Proceedings Article | 13 March 2013
Christophe Bonneville, Fabrice Thomas, Mikhael de Mengin Poirier, Etienne Le Coarer, Pierre Benech, Thierry Gonthiez, Alain Morand, Olivier Coutant, Eric Morino, Renaud Puget, Bruno Martin
KEYWORDS: Spectroscopy, Zoom lenses, Signal to noise ratio, Waveguides, Sensors, Calibration, Signal detection, Spectral resolution, Optical coherence tomography, Data processing
SWIFTS, or Stationary-Wave Integrated Fourier Transform Spectrometer, is a new, highly integrated high-resolution spectroscopy technology that represents a major advance in the field. This is the first public presentation on the state-ofthe- art SWIFTS system.
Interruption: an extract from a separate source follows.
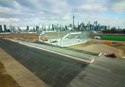 Because PortsToronto operates the port on Lake Ontario as well as the airport, the project was able to leverage lake access through the harbor. The barging operation allows the construction team to transport materials and employees from a cruise ship terminal in the Port of Toronto to a temporary dock on the east side of the airport. The new transport method greatly reduces the impact of construction traffic for local residents and airport travelers, and has received huge compliments from the community, reports Cabral. “Doing three years of construction in a mixed-use environment-bringing nightly the volumes of trucks we experienced through the community-would have been quite intrusive,” he reflects.

SWIFTS combines groundbreaking nanotechnology research, integrated optics, microelectronics and embedded software, resulting in high-resolution spectrometer technology bundled into a single device that is over 100 times more powerful in terms of spectral resolution than existing mini-spectrometers and more than 2,000 times smaller than highend spectrometers offering a similar level of performance. Systems based on this technology can typically achieve a spectral resolution of a few pm / 0.2 cm-1 / 6 GHz, with a good SNR over a bandwidth ranging from several nm to a few hundred nm on a chip measuring a few mm2, opening the way for product development based on the most demanding applications currently performed in research laboratories. The principle behind this patented technology will be explained, as will the technological choices made by Resolution Spectra Systems. We will present the most challenging building blocks of the technology: nano-pattern deposition, hybrid-chip assembly, light collection, calibration and data processing. In order to cater for different applications, the SWIFTS principle can be implemented in numerous configurations: multiple bands, multiplexing, spectro-imaging, integrated bio-sensors, etc. Various results have been obtained with either research setups or new products in the Visible and Near-Infrared, including analysis of tunable, multi-mode and high-stability lasers, Bragg sensor interrogator and high-depth Optical Coherent Tomography.